Alex terkekeh ringan mendengar ocehan tunangannya. "Oke, sudah hampir terlambat. Sampai jumpa, Thalita!" tutup Alex. Pria itu pun bersiap-siap untuk bekerja.
Sudah empat tahun berlalu semenjak Alex lulus dari Fakultas Kedokteran di salah satu kampus ternama. Saat ini, dirinya telah menjadi dokter di rumah sakit. Sudah hampir satu tahun pula semenjak Thalita, perempuan yang tadi meneleponnya, menjadi tunangan Alex. Mereka dipertemukan karena kedekatan masing-masing orang tua.
Thalita adalah perempuan yang selalu mendukung Alex, meskipun mereka baru bertunangan satu tahun yang lalu. Dirinya banyak membantu Alex dalam meringankan beban mentalnya, sebab perempuan itu memiliki latar belakang keilmuan psikologi. Mereka saling percaya bahwa pasangan itu bisa mendukung satu sama lain.
Setiap kali ada kesempatan beristirahat, Alex selalu merenungkan betapa bersyukurnya ia telah bebas dari apa yang selama ini dikonstruksikan sebagai "quarter life crisis". Kehadiran Thalita sebagai tunangan dan karirnya yang mulai menanjak sebelum usia 30 membuat pria itu terkadang menangisi kebaikan yang Tuhan berikan padanya. Hal penting yang perlu Alex prioritaskan sekarang adalah meningkatkan performanya di tempat kerja.

Soundtrack:

***

Siang itu, Jaka Andreas Ardhitama meminum kopi amerikano di kafe tempat dirinya akan bertemu teman-teman kuliahnya. Tak lama kemudian, matanya menangkap wajah seorang perempuan yang sudah lama dikenalinya. Di belakang perempuan itu, seorang pria yang merupakan teman Jaka menyusul langkahnya. Senyuman Jaka pun merekah tatkala menyambut kedua temannya itu.
"Lama tidak jumpa, Hilda dan Daniel!" sapanya.
"Ah, kangen banget!" seru Hilda.
"Bagaimana kabarmu, Jaka?" tanya Daniel. Tangannya memegang buku menu makanan yang disodorkan oleh pelayan.
"Baik. Kalian pesan makanan dulu saja," jawab Jaka.
"Oke. Mau pesan apa, sayang?" tanya Daniel pada gadis di sampingnya.

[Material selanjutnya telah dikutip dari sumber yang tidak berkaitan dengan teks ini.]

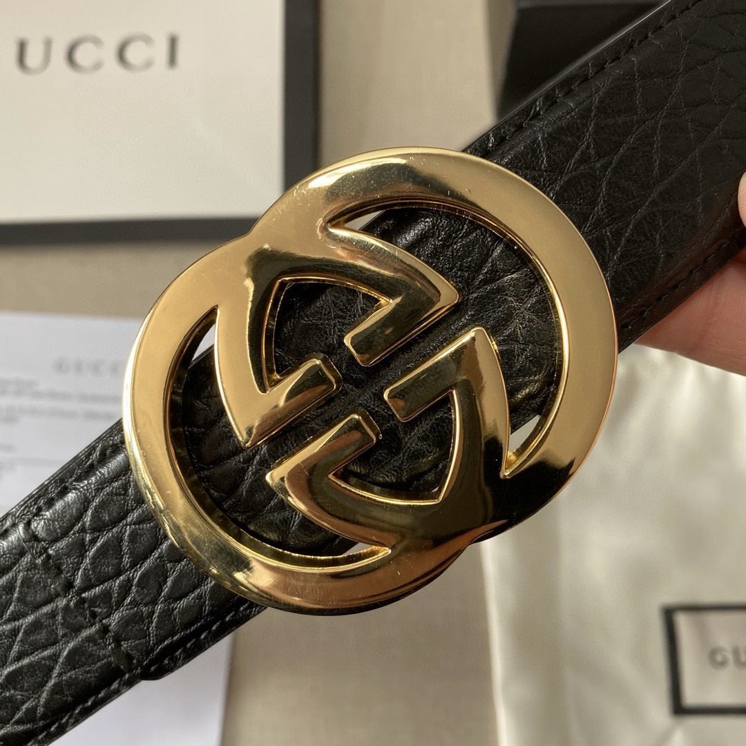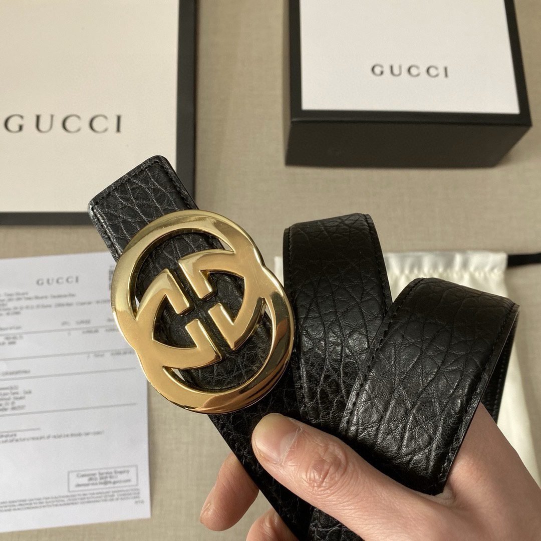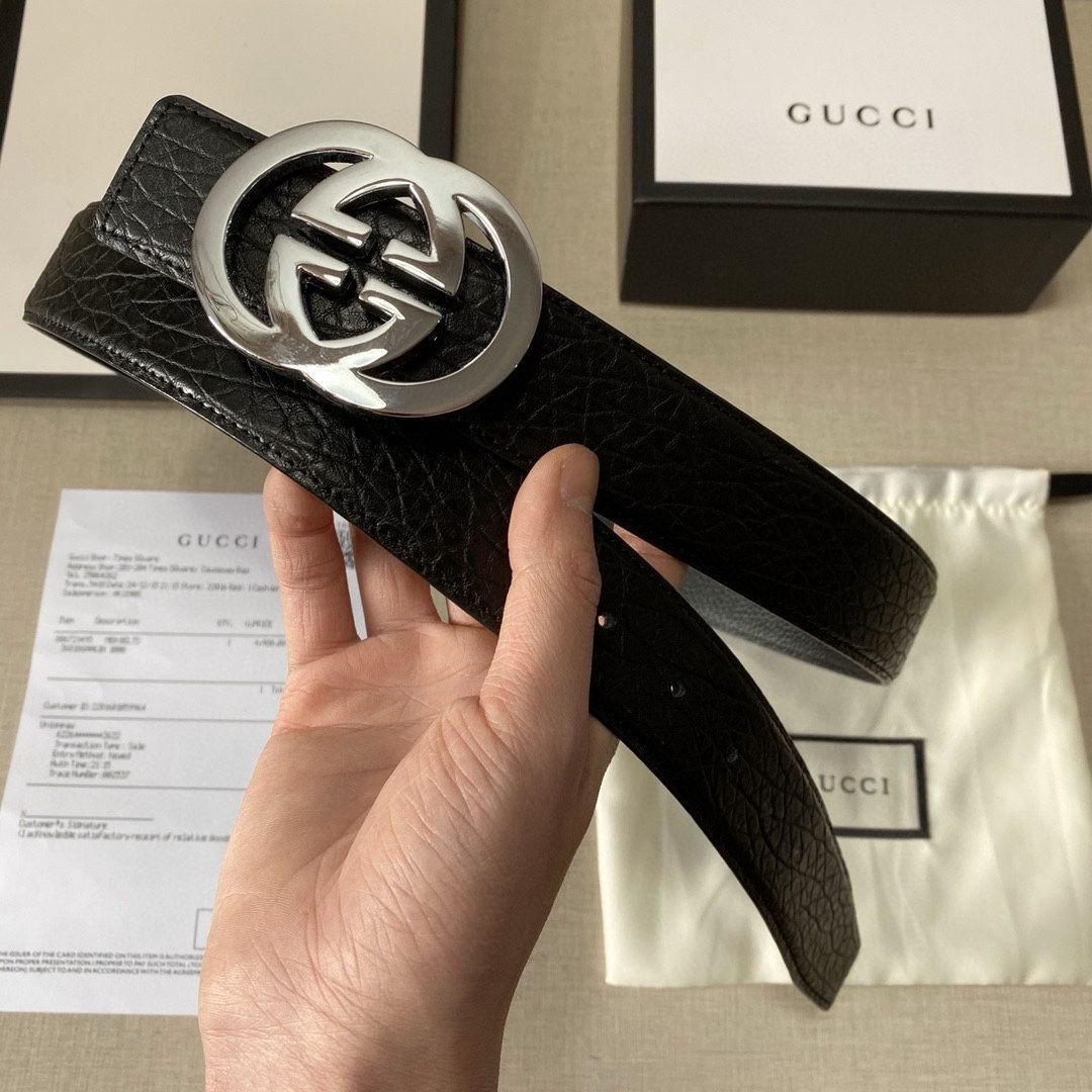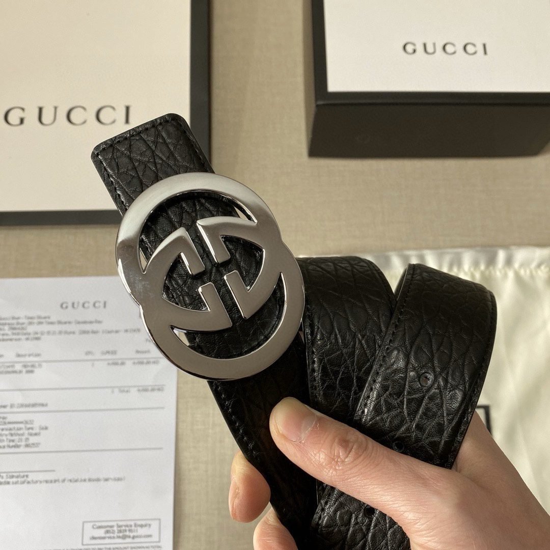 Gucci classic double buckle black leather belt, simple and elegant, luxurious and exquisite

Setelah menelusuri gambar dan deskripsi pada menu yang tersedia, Hilda pun menyebutkan nama menu yang ingin dicobanya. "Mi goreng sosis dan wafel es krim vanila". Daniel pun mengulangi ucapan Hilda. Setelah semua pesanan ditentukan, pelayan itu pun pergi.
"Eh, Jaka. Aku tuh pesan wafel karena kamu juga pesan. Boleh kucoba dulu, ngga? Sepertinya kamu belum menyentuhnya," izin Hilda. Jaka pun mengizinkan gadis itu dengan mendorong piringnya. Raut wajah Hilda penuh kegirangan saat melihat dan memakan sebagian wafel itu.

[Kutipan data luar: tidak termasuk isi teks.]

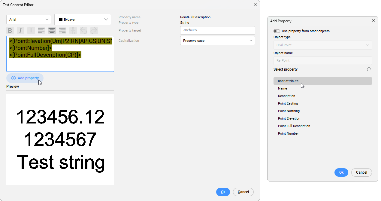 注: プロパティを追加ダイアログボックスでは、土木ポイントのプロパティを選択でき、また別のオブジェクト(サーフェス、平面線形、縦断線形)のプロパティを使用することもできます。詳細については、文字コンテンツ編集ダイアログボックスの記事を参照してください。
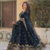 The gown is fully stitched, with a length of 51-52 inches and a gorgeous 3-meter flair, creating a voluminous, flattering look. It is paired with a micro cotton bottom that is full-stitched and elasticized for a perfect fit. The ensemble is completed with a heavy faux georgette dupatta featuring beautiful sequence work and a lace border that adds to the regal charm of the gown.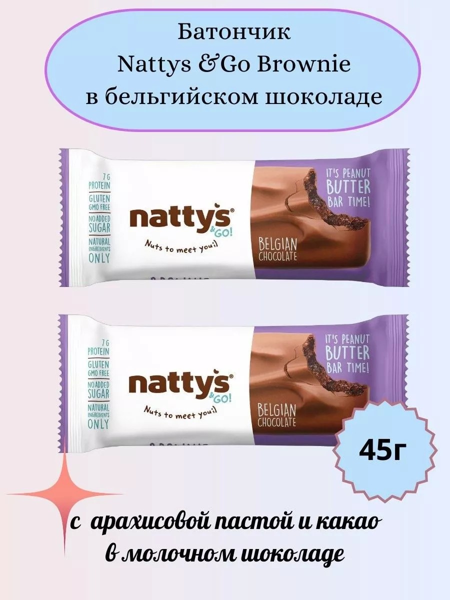 Шоколадный батончик Nattys & Go Brownie — это батончик с шоколадной арахисовой пастой внутри, покрытый слоем настоящего бельгийского молочного шоколада, без добавления сахара, очень вкусный, полезный и абсолютно натуральный перекус, который доставит много удовольствия и зарядит энергией! Теперь та самая арахисовая паста Nattys всегда с собой, в удобной форме батончика to go — это вкусное и легкое лакомство, идеально для твоего полезного перекуса, без вреда для фигуры и здоровья, без сахара, создан из премиальных ингредиентов высшего качества, с честным и чистым составом.

"Hilda, sebentar!" seru Daniel. Rupanya, pria itu membersihkan tepi bibir Hilda yang kotor akibat makanan itu. Setelah itu, Hilda memberikan senyuman termanisnya pada Daniel.
Jaka yang semula melipat tangan di dada pun akhirnya menggerakkan kembali bibirnya. "Kalian sudah berpacaran, ya?" tanya Jaka.
"Yah, begitulah," jawab mereka bersamaan. Tak lama kemudian, pesanan pun datang. Sekali lagi, Hilda tampak senang melihat makanan yang tersaji di hadapannya.
"Kamu bahagia banget, ya, Hilda? Sepertinya besok lagi aku harus sering mengajakmu ke sini untuk berkencan, ya?" komentar Daniel. Hilda pun membalasnya dengan anggukkan. Helaan napas berat keluar dari Daniel karena baru mengetahui sisi dari kekasihnya yang itu.
"Ngomong-ngomong, aku belum mengucapkan selamat kepada kalian berdua karena sudah jadian," tutur Jaka ketika mereka berdua menelan suapan pertamanya. "Selamat, ya!" lanjut Jaka kemudian.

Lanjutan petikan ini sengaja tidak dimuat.